The former finance minister said Indonesia managed to escape the global financial crisis in 2008 due to “good policy response and good luck. I think a similar situation will happen again.”
Also, Indonesia’s share of exports to its gross domestic product (GDP) is relatively small.
“I can imagine that a global shock will hurt a significantly affected country like Singapore as the share of trade to GDP is more than 200 percent, but in the case of Indonesia, exports to Our GDP is around 25 percent,” he said.
China, which is Indonesia’s leading trading partner, is also expected to fare much better next year, likely to prop up demand for Indonesia’s commodities.
Justin Yifu Lin, the founding director of the China Center for Economic Research, said China’s economy would rebound and expand by at least 8 percent next year from an estimated 3 percent this year.
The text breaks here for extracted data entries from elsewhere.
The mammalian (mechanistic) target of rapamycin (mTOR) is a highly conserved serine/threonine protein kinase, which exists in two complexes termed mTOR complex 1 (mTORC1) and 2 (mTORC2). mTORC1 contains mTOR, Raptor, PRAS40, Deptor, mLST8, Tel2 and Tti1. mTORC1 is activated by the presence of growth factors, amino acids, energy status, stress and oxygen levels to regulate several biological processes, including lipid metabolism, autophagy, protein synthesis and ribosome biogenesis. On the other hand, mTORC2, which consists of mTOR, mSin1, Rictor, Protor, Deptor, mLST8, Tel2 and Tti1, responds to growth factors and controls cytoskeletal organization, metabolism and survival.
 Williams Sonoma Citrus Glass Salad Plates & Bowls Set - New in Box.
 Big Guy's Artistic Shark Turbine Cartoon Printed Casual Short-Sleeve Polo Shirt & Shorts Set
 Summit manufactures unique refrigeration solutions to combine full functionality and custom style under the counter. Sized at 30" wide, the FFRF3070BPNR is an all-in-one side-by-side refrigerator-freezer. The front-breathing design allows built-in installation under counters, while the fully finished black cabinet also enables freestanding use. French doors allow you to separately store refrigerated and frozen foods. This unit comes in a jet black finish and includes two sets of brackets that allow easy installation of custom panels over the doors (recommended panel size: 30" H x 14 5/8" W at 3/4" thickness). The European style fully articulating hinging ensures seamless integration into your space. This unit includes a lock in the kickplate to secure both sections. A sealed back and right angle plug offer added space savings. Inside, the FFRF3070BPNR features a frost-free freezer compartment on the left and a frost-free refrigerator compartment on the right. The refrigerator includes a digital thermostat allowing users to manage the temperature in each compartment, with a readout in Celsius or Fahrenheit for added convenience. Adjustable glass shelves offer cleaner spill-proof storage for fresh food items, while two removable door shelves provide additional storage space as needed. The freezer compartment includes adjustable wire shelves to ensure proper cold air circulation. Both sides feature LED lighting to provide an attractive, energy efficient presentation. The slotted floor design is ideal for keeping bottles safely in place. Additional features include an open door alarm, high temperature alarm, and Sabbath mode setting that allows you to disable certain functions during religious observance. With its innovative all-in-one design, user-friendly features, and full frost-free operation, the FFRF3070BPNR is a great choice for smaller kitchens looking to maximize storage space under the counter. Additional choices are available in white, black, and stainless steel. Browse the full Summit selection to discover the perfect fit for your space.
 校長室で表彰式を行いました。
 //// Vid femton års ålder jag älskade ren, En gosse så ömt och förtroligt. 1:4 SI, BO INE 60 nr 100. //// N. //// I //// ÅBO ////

Lin listed several factors that support the surprise recovery.
“One of them is due to the adjustment of the Covid-19 policy. Vaccination rates are also increasing, especially for vulnerable people such as the elderly. Of course, China’s medical capacity will also be better prepared in an outbreak,” said Justin.
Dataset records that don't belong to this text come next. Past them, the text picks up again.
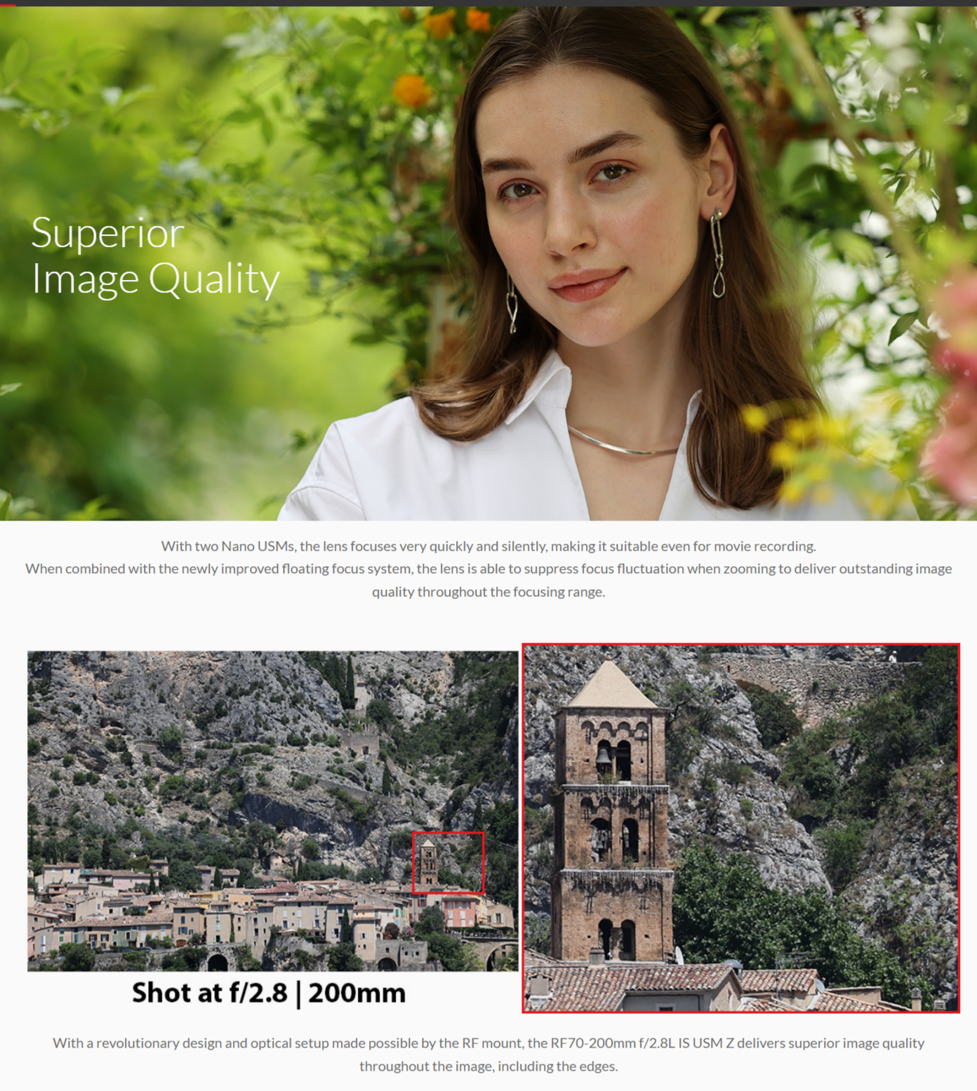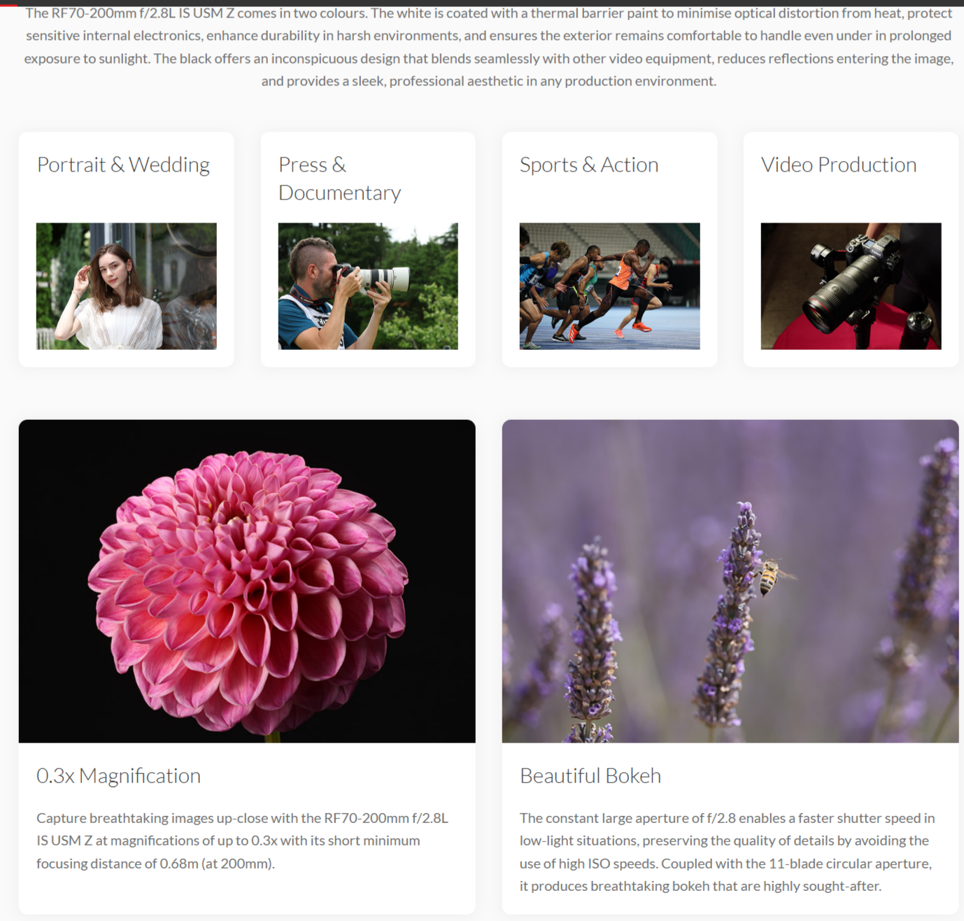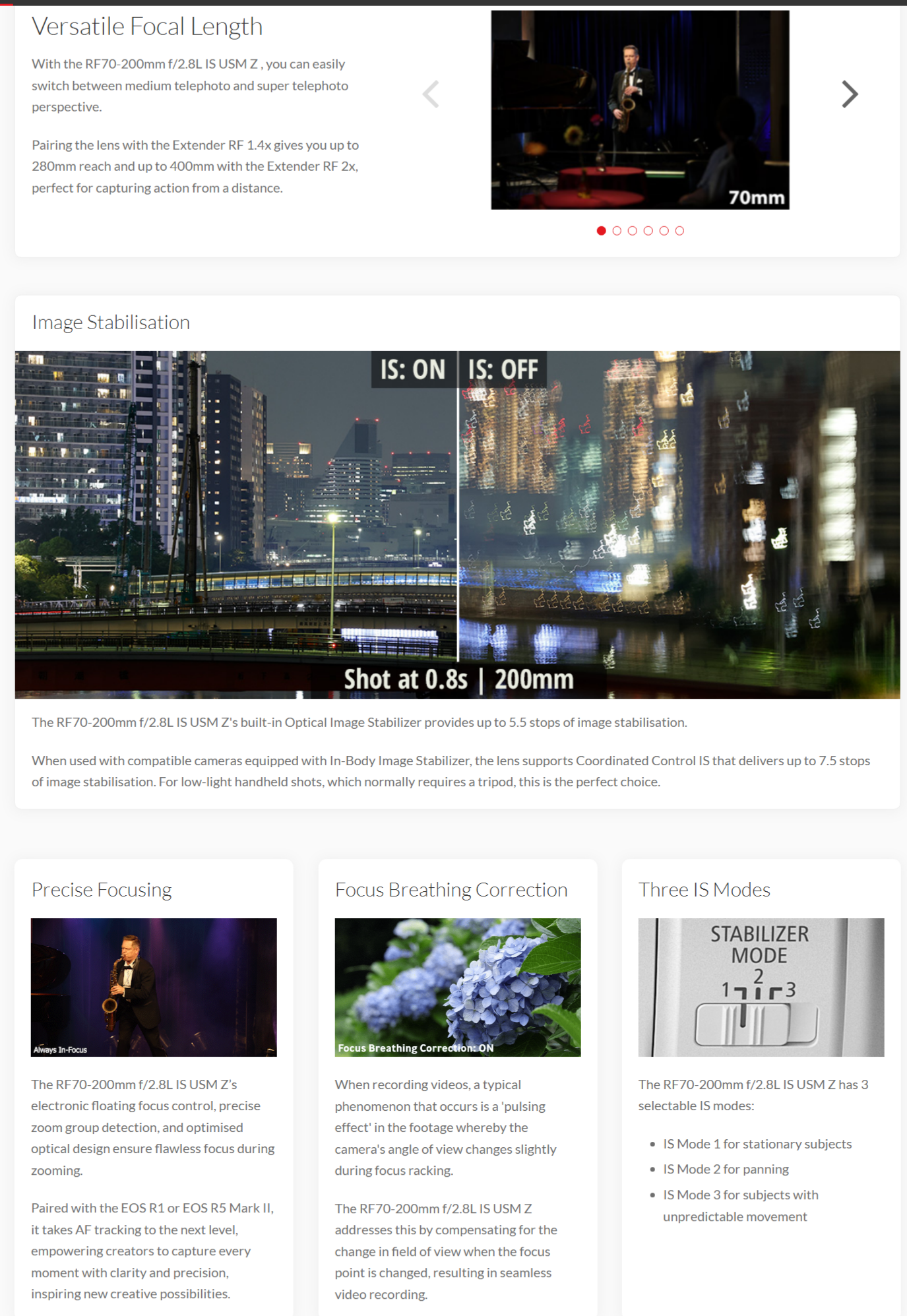 The RF70-200mm f/2.8L IS USM Z stands out as a telephoto zoom with iris control for precise creative expression. Featuring a wide f/2.8 aperture and an 11-blade circular design, it produces beautifully cinematic bokeh that elevates your filmmaking. In addition, it offers up to 7.5 stops of image stabilisation when paired with compatible cameras, delivering stability that rivals tripod-mounted shots for sharp and smooth handheld filming.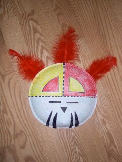 Hopi Kachina masks use great colors and geometric shapes. There is a fascinating story behind their masks. This students make their own symbols and write their own stories about their masks. Here is a close up of the one I made as an example and students work.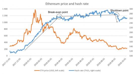However, the bear market didn’t come to an end. The reason for this was that miners aren’t the only sellers, and sellers still had an advantage over buyers and kept pushing the price curve down. The next major standing was lost in early September when the price dropped from 300 to around 200 dollars over the course of a few days. For some miners, this was too much to handle. The mined ether was no longer enough to cover their electricity bills, so there was no sense in continuing the mining and they shut down their devices. This was clearly mirrored in the hash rate of the network, which reduced by approx. 10% directly after the fatal drop in price. Less effective miners ceased production after their income was unable to recover even their variable costs. This is referred to as the shutdown point.

“Then, China is good at maintaining high economic growth. China is still in the catching-up stage, so there is still wide room for growth. China is also rich in reserves for investment. There is a determination from the government to maintain growth,” Justin said.
Mahendra Siregar, the chairman of the Financial Services Authority (OJK), speaks at the BNI Investor Daily Summit 2022 on Tuesday. (B1/David Gita Roza)
Strong Fundamentals
Coordinating Minister for Economic Affairs Airlangga Hartarto said leading indicators for Indonesia’s economy, including consumer confidence, purchasing manager index, vehicle sales, and electricity consumption, still, show a strengthening trend.
“Indonesia’s level of resilience is quite high and relatively strong. We also observe that capital inflows are still at inflow due to market confidence in Indonesia’s economic fundamentals,” Airlangga said in a keynote speech at the BNI Investor Daily Summit 2022.
Mahendra Siregar, the chairman of the Financial Services Authority (OJK), said Indonesia’s financial sector was in a solid position to weather the perfect storm next year.
“We can report the readiness of the financial services industry in one sentence; it has recovered from the pandemic and is ready and on alert to continue and maintain economic growth. And, it is ready to face the global economic challenges that are getting harder,” Mahendra said at the summit.
He said loan growth would reach around 10 percent this year. Working capital loans grew 12-13 percent, compared to 8-9 percent for investment loans. “I think it aligns with the context of our economic recovery,” he said.